Mind’s Eye

A catalog of thoughts. I love the sticky alchemy of this image – the idea that the mind could be anthologised.

The following article was written by me and published this week on Thought Catalog.

How Instagram Filters make your Memories Brighter.

A realisation: Instagram filters are the new rose coloured glasses.

Just like the metaphorical spectacles of old, the app offers a different way of looking at the world – the bright side in fact.

Akin to the pink hued proverb, Instagram cops a lot of criticism for creating a romanticised worldview. My question is, why do we problematize this?

Adding a little fantasy to our worldview could actually be the key to creating authentic experiences. 

We tend to associate sepia tones with nostalgia. Over exposed, light leaked photographs are reminiscent of the kaleidoscopic properties of memory – oscillating between moments and images in a blink.
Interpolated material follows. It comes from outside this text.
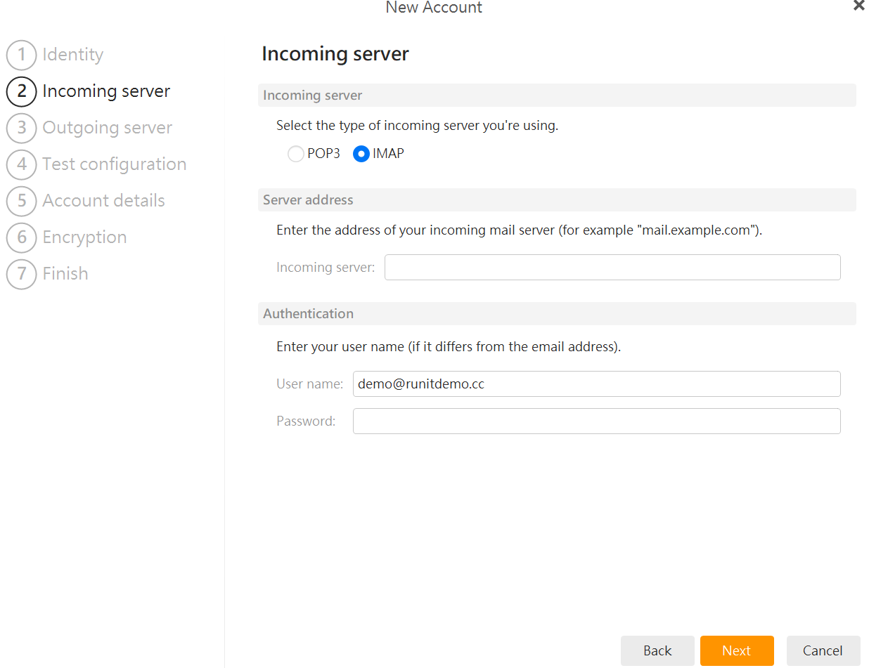 - Select IMAP or POP3 for the type of incoming server you're using and complete the remaining fields. Click Next.
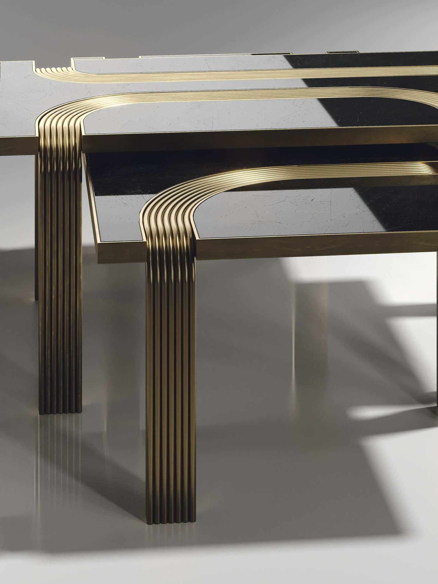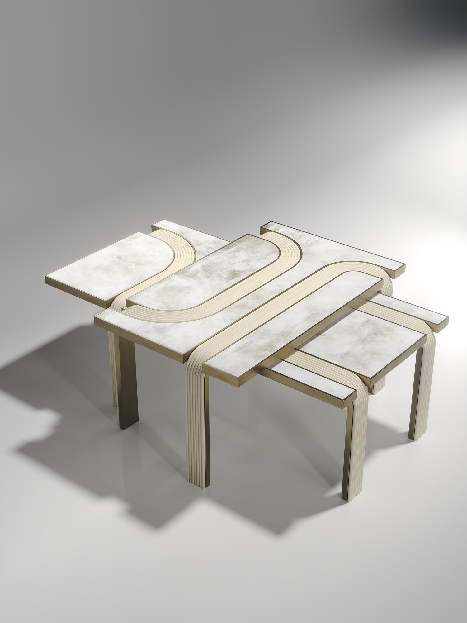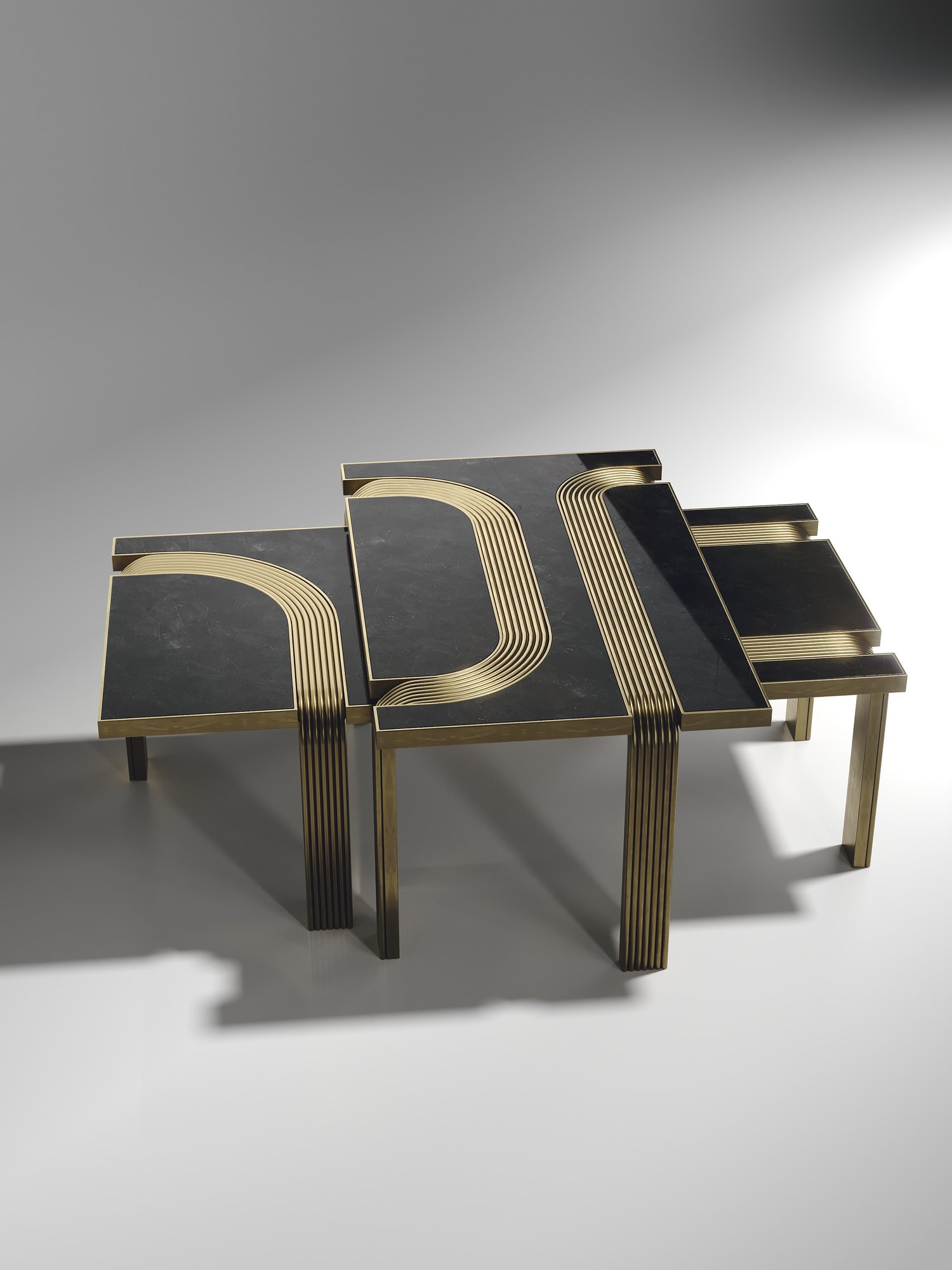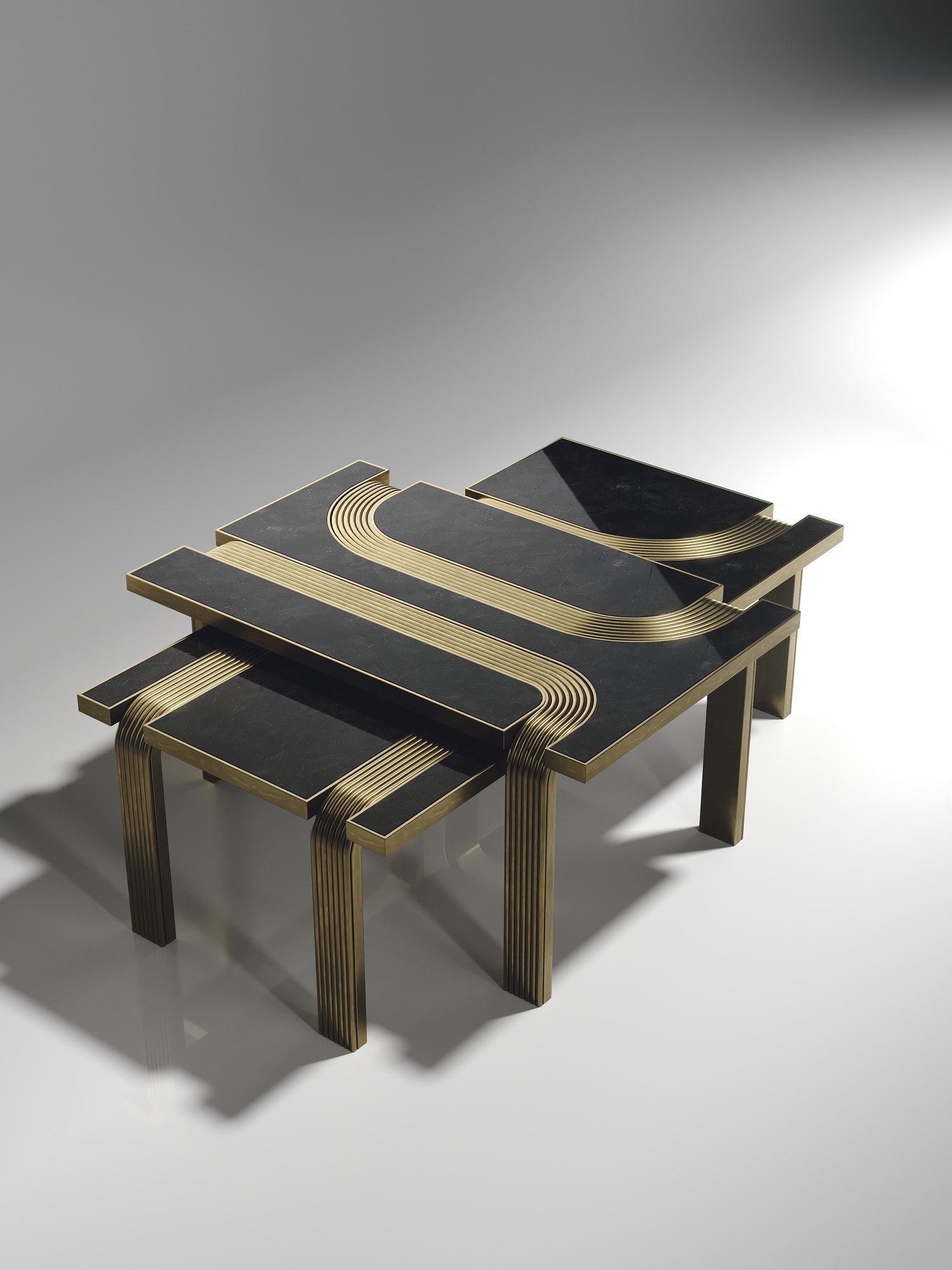 The Set of 2 Licol Nesting Coffee Tables by R & Y Augousti explore the brand's iconic DNA of bringing old world artisanal craft into a contemporary and utterly luxury feel. These tables are done in different finish variations including shagreen and pen shell with bronze-patina brass accents, and inlay mixed with rattan. Custom sizing/finishing on request.

In our childhood we saw through the same eyes as we do now. With hindsight, the mind’s eye distorts the scale, saturates the colours, blurs some things and enhances others.

Instagram mirrors the visual quality of memory. Therein lies the danger.

We humans have a habit of living in the past tense – we try to preserve our memories even as we live them. Nowhere is this more evident than life on the road. Every monument you see is backlit by flickering attempts to souvenir the moment with flash photography. Like alchemists, we try to make our memories into something solid that we can hold on to.

This is the inherent problem of photography: how do we capture the moment without living outside of it? I guess you could say that apps like Instagram blur the lines between documenting and living.

This can be tragic. It can also be life affirming. If we are always looking to document the beauty of the moment, it it less likely that we will let that moment pass us by?